[DIRECTIONS] Report each line from the records where the string "have" turns up.
(Beginning of DATASET RECORDS)
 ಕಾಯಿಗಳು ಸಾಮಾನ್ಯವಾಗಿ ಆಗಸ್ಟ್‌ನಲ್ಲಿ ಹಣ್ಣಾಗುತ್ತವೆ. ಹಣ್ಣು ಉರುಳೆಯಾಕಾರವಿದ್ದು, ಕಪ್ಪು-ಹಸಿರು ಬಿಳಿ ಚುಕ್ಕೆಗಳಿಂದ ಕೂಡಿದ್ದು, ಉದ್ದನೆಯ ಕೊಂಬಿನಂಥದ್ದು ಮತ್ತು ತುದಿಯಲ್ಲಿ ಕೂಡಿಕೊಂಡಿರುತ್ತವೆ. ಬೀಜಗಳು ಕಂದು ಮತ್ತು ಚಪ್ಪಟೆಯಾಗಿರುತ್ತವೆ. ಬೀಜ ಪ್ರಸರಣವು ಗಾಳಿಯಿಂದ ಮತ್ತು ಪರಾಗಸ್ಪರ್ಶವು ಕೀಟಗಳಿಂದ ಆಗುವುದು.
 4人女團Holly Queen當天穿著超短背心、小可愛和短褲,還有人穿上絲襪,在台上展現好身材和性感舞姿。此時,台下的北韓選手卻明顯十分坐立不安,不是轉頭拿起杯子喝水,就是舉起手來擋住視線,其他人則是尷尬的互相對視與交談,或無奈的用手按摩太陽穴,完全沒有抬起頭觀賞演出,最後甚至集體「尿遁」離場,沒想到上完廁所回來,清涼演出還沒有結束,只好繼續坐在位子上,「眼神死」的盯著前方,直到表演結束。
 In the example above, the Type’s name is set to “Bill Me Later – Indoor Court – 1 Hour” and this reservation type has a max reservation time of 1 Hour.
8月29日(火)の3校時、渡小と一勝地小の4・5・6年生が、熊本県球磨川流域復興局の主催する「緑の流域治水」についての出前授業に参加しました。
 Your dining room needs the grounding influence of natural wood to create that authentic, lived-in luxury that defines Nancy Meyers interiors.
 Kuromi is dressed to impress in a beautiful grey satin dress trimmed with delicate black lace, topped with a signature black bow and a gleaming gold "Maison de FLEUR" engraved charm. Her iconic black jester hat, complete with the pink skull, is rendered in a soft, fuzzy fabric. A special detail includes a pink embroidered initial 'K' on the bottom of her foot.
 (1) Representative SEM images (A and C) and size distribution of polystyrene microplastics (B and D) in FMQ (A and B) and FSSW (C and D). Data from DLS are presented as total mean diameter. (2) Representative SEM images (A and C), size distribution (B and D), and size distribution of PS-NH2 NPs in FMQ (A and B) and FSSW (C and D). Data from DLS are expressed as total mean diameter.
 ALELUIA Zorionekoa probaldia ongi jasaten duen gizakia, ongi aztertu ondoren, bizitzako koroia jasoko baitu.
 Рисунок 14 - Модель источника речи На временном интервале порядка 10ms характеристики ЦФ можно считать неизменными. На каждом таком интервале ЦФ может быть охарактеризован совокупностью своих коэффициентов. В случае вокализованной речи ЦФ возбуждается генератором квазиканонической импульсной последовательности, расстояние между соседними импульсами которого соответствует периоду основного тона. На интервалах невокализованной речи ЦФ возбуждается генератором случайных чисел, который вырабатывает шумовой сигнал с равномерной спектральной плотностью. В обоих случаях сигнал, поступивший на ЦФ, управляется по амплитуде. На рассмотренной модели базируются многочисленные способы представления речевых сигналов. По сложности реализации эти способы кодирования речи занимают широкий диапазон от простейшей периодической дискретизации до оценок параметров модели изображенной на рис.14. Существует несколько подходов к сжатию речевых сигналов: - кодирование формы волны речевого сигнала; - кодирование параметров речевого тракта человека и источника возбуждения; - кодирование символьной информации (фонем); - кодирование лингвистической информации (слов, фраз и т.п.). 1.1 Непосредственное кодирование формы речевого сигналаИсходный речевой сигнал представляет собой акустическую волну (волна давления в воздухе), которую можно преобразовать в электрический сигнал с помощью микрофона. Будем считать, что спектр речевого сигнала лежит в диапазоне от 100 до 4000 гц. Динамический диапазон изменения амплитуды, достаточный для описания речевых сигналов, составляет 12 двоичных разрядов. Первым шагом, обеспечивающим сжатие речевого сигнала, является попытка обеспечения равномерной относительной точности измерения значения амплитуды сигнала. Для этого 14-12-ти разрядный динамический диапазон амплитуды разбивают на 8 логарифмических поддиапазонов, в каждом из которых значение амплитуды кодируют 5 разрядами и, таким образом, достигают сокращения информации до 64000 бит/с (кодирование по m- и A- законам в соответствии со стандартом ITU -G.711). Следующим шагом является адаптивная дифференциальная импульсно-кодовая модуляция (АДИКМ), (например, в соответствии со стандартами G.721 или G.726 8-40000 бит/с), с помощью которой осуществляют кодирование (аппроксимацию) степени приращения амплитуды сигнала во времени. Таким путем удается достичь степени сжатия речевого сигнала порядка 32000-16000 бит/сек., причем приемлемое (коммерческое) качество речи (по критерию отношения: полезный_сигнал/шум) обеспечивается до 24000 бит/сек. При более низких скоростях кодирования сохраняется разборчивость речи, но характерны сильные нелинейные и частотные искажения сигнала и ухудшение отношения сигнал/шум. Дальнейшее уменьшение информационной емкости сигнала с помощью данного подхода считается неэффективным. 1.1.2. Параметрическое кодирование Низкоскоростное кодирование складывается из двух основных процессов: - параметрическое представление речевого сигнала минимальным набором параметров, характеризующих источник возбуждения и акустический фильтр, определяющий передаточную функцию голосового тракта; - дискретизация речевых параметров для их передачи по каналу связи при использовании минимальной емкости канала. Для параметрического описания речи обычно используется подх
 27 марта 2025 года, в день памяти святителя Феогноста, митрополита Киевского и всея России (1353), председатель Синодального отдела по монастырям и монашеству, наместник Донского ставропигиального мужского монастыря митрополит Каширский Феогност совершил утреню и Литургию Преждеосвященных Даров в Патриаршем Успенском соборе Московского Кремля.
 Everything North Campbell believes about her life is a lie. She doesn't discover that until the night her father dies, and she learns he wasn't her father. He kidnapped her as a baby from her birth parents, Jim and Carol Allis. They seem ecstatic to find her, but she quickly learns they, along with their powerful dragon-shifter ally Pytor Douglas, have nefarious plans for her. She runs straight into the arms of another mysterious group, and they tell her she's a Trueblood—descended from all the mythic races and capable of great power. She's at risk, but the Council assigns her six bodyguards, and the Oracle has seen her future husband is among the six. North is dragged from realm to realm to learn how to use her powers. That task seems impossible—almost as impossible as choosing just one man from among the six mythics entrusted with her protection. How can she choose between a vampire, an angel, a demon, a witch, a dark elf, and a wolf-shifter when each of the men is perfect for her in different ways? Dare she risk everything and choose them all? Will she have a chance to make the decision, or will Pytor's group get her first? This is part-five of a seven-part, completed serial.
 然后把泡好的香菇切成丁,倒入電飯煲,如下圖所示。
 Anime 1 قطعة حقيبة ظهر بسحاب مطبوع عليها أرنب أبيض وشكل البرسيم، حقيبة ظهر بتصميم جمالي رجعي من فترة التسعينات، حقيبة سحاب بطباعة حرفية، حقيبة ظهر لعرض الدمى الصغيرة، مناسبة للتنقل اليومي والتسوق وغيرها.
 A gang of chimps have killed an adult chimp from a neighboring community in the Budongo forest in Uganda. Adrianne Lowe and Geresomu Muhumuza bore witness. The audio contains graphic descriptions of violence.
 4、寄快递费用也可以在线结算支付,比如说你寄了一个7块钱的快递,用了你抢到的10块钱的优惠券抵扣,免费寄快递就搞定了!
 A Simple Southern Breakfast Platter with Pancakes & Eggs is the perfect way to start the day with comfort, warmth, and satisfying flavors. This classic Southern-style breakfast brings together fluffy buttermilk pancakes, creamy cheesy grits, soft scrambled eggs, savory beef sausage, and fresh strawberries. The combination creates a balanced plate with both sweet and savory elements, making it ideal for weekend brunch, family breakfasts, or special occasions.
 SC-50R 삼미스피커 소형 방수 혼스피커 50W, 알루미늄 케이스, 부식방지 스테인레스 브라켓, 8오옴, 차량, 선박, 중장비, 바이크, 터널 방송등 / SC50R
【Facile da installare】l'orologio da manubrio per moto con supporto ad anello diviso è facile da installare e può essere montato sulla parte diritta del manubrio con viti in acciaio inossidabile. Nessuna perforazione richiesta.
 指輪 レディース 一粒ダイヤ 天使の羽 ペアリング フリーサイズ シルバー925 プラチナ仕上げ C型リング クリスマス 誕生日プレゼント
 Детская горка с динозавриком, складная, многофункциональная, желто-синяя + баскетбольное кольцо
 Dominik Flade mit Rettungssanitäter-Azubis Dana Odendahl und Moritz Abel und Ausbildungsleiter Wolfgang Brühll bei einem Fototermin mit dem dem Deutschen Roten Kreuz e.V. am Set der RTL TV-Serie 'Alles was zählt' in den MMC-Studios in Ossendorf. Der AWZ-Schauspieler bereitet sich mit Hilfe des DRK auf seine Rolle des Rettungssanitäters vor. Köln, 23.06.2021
(End of DATASET RECORDS)
[WORKED SOLUTION]
 Everything North Campbell believes about her life is a lie. She doesn't discover that until the night her father dies, and she learns he wasn't her father. He kidnapped her as a baby from her birth parents, Jim and Carol Allis. They seem ecstatic to find her, but she quickly learns they, along with their powerful dragon-shifter ally Pytor Douglas, have nefarious plans for her. She runs straight into the arms of another mysterious group, and they tell her she's a Trueblood—descended from all the mythic races and capable of great power. She's at risk, but the Council assigns her six bodyguards, and the Oracle has seen her future husband is among the six. North is dragged from realm to realm to learn how to use her powers. That task seems impossible—almost as impossible as choosing just one man from among the six mythics entrusted with her protection. How can she choose between a vampire, an angel, a demon, a witch, a dark elf, and a wolf-shifter when each of the men is perfect for her in different ways? Dare she risk everything and choose them all? Will she have a chance to make the decision, or will Pytor's group get her first? This is part-five of a seven-part, completed serial.
 A gang of chimps have killed an adult chimp from a neighboring community in the Budongo forest in Uganda. Adrianne Lowe and Geresomu Muhumuza bore witness. The audio contains graphic descriptions of violence.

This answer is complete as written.